___ Task data ___

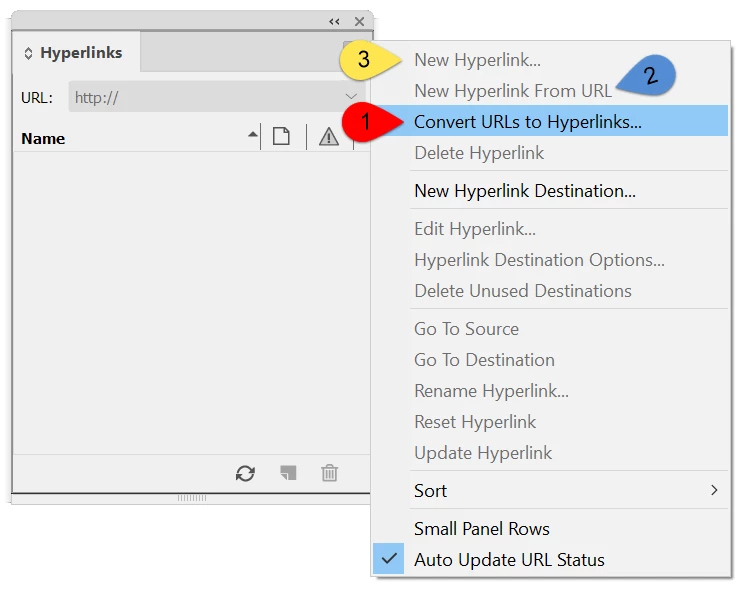 Review of the hyperlinks panel's options:
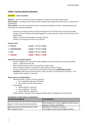 Comprehensive PHY3102 notes containing everything you need to know to get a HD in the unit - hence, the 96 pages! These notes summarise unit content from weeks 1-12. These unit notes are sequentially organised to flow seamlessly through the unit with clear colour coding and bolding to indicate important information. Topics include: Theme 1 - Nutrition, Digestion & Absorption Theme 2 - Regulation of Energy Expenditure & Intake Theme 3 - Obesity (Causes & Effects) Theme 4 - Obesity (Weight Loss & Therapies) This unit is quite content heavy thus, these notes will help consolidate key concepts that will be tested to ensure a HD grade!
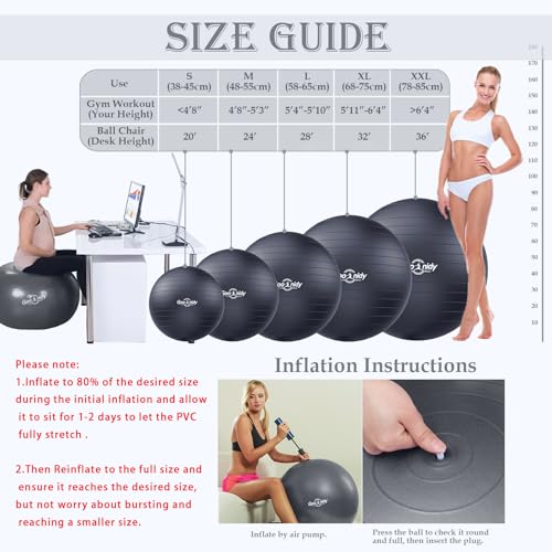 EASY TO USE – Come with quick inflation pump, 2 air stoppers, and a plug remover, easy to inflate and deflate. And easy to clean just with a soft damp cloth. Available in 5 sizes, 45cm 55cm 65cm 75cm 85cm to meet your special needs. ( Please keep the ball away from woodwork, wooden furniture or painted walls becuase wood or painting are unfriendly to the exercise ball.)
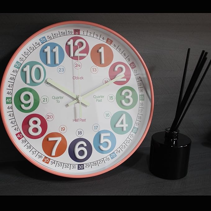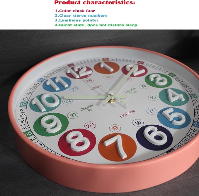 - Colorful Clock Face And 3D Numbers:The rainbow color numbers clearly marked inside,a learning clock that teaches through a 1-60 numerical scale and readable wall clock moments. Perfectly combines 12/24 hour format for effortless mastery.3D digital clock face, more suitable for hanging on the wall, see more clearly.Different from other clock faces.
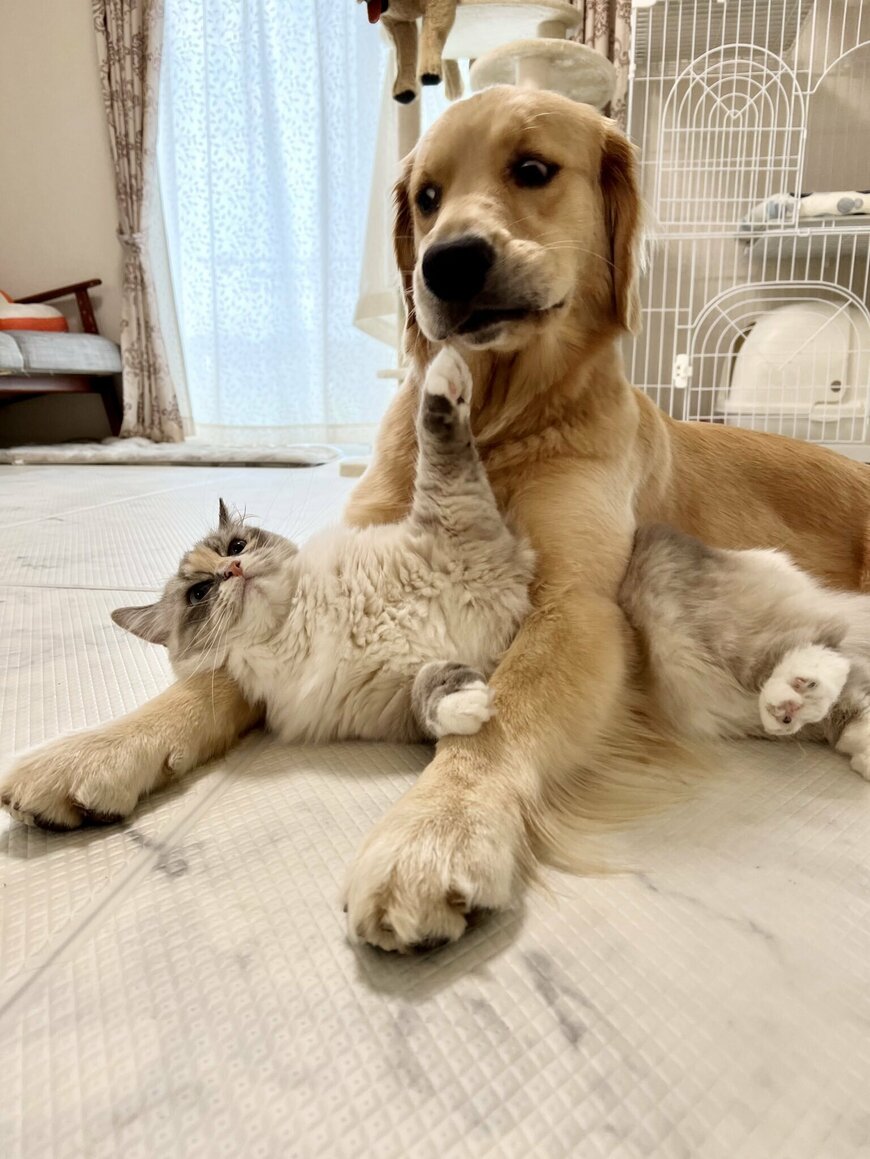 1枚目に写っていたのは、猫ちゃんの上にワンちゃんが覆いかぶさるようにして、優雅にたわむれている様子。
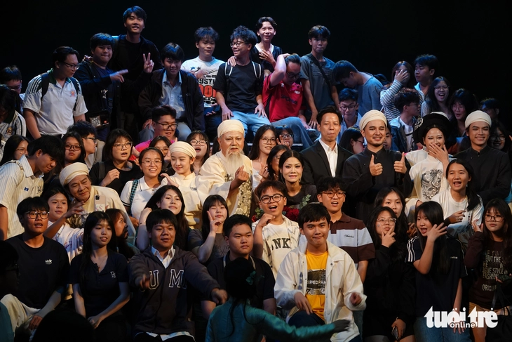 Học sinh Trường THPT Hùng Vương chụp ảnh cùng các nghệ sĩ sau vở Yêu là thoát tội - Ảnh: LINH ĐOAN
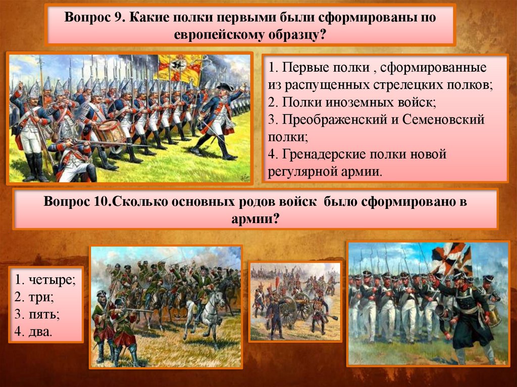 Вопрос 9. Какие полки первыми были сформированы поевропейскому образцу?
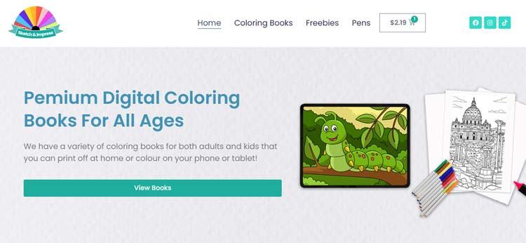 Colouring book website with online store, newsletter subscription form and fun, colourful design.
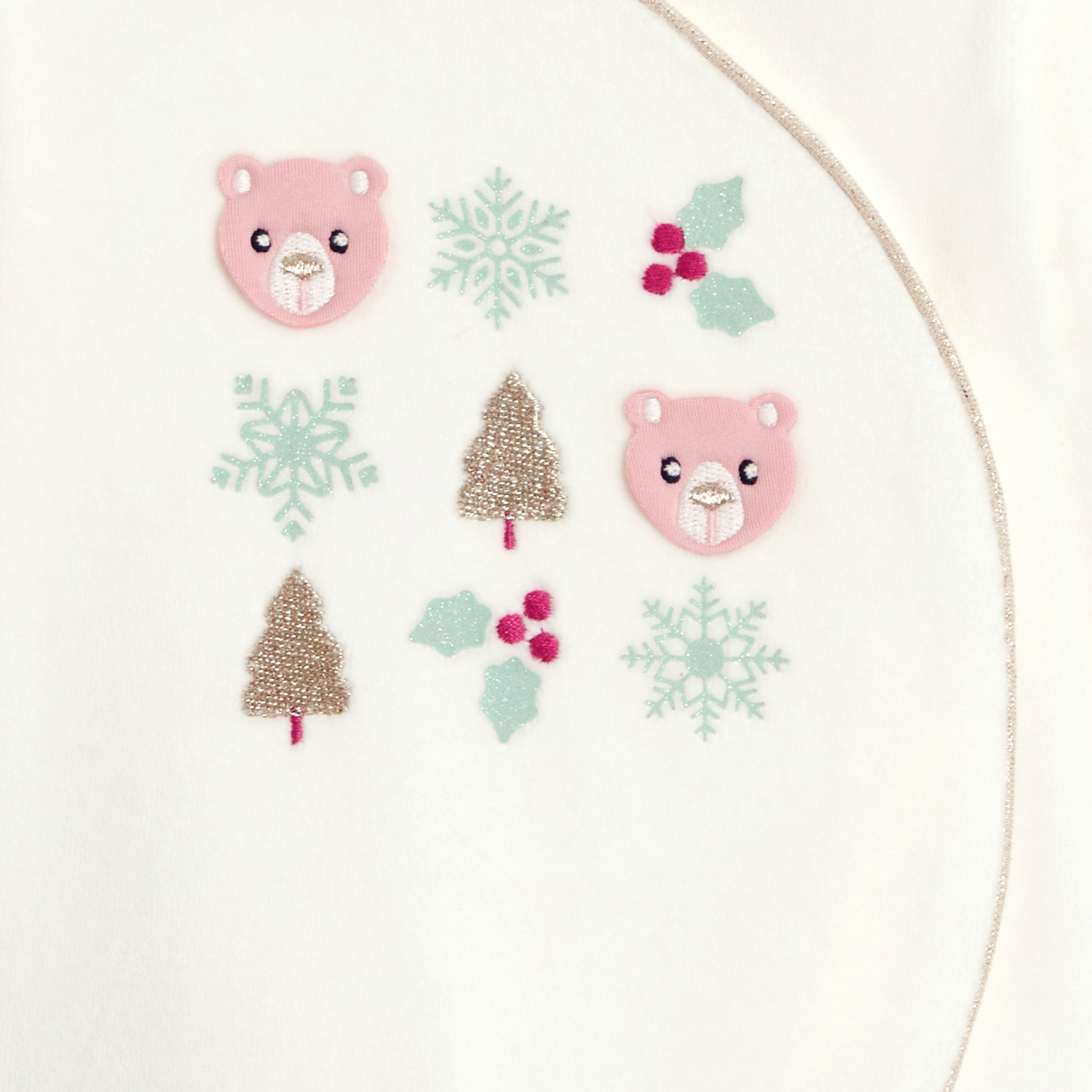 بدلة نوم مخملية مزينة برسمة دب مطرز باللون الأبيض للفتيات الصغيرات
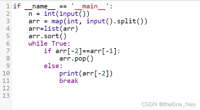 思路,先把arr list化,排序,除掉与最高成绩相同的成绩,取第二高的成绩。
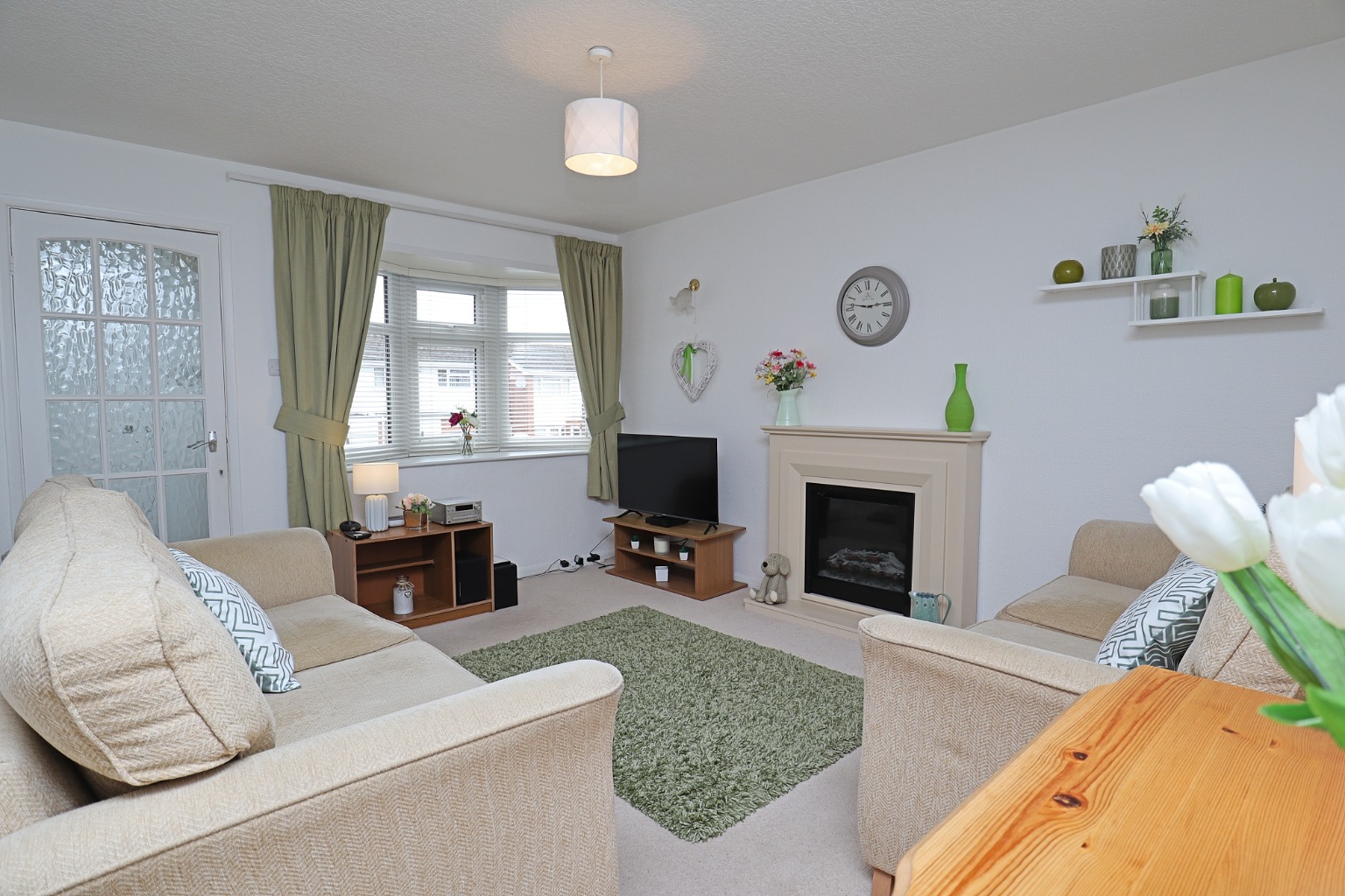 Lounge11' 5" x 13' 11" (3.48m x 4.24m)Having an electric feature fire, central heating radiator and upvc sealed unit double glazed bow window.
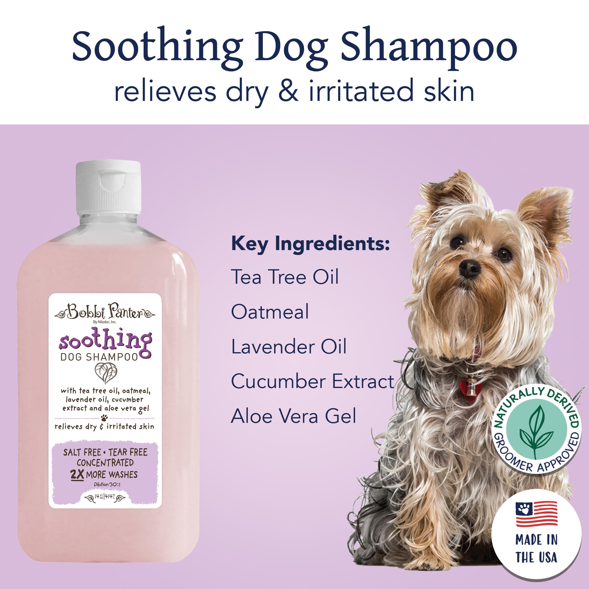 Bobbi Panter Natural Soothing Shampoo soothes dry skin and fur with Lavender Oil, Tea Tree Oil, Oatmeal, Cucumber Extract and Aloe Vera Gel. A relaxing lavender scent. Bobbi Panter created Bobbi Panter Pet Products out of love for her own dog, Bobo. Natural ingredients. Salt free, tear free and solves specific skin and coat problems. High in essential oils that actually penetrate the skin and fur. Rinses fast-dries fast. Won't wash off topical flea treatments. Safe for cats, puppies & kittens of all ages.
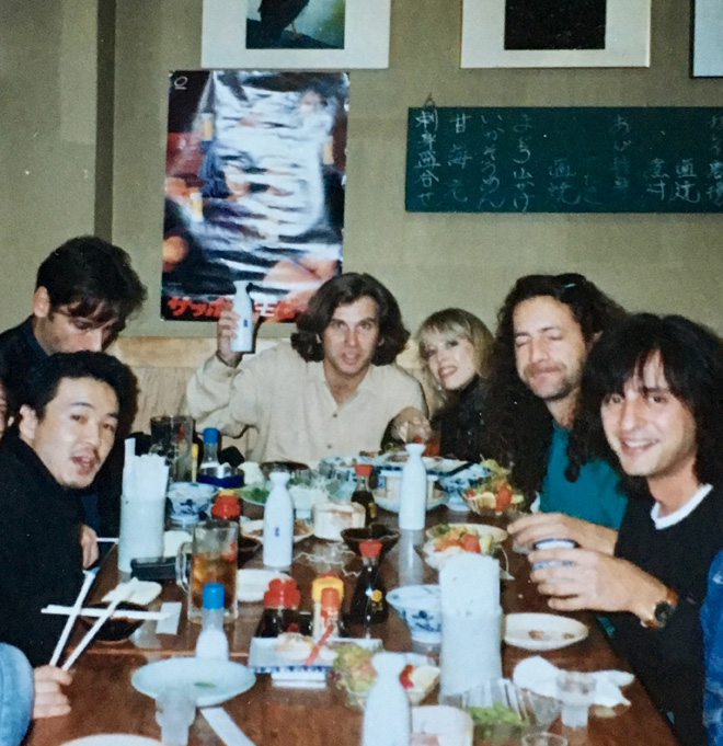 ▲左からジーン・クラーク イアン・ウォーレス デイヴ・メイソン カーラ アル・クーパー スティーヴン・スティルス ジャクソン・ブラウン@The Roxy Theater ウエスト・ハリウッド 1987~88年頃 提供:Carla Olson

___

**Problem to solve:** Please output exactly the lines of the data above, from its first line through the line with "- Colorful Clock", and nothing else; drop the pictures.

**Exercise output:**
 Review of the hyperlinks panel's options:
 Comprehensive PHY3102 notes containing everything you need to know to get a HD in the unit - hence, the 96 pages! These notes summarise unit content from weeks 1-12. These unit notes are sequentially organised to flow seamlessly through the unit with clear colour coding and bolding to indicate important information. Topics include: Theme 1 - Nutrition, Digestion & Absorption Theme 2 - Regulation of Energy Expenditure & Intake Theme 3 - Obesity (Causes & Effects) Theme 4 - Obesity (Weight Loss & Therapies) This unit is quite content heavy thus, these notes will help consolidate key concepts that will be tested to ensure a HD grade!
 EASY TO USE – Come with quick inflation pump, 2 air stoppers, and a plug remover, easy to inflate and deflate. And easy to clean just with a soft damp cloth. Available in 5 sizes, 45cm 55cm 65cm 75cm 85cm to meet your special needs. ( Please keep the ball away from woodwork, wooden furniture or painted walls becuase wood or painting are unfriendly to the exercise ball.)
 - Colorful Clock Face And 3D Numbers:The rainbow color numbers clearly marked inside,a learning clock that teaches through a 1-60 numerical scale and readable wall clock moments. Perfectly combines 12/24 hour format for effortless mastery.3D digital clock face, more suitable for hanging on the wall, see more clearly.Different from other clock faces.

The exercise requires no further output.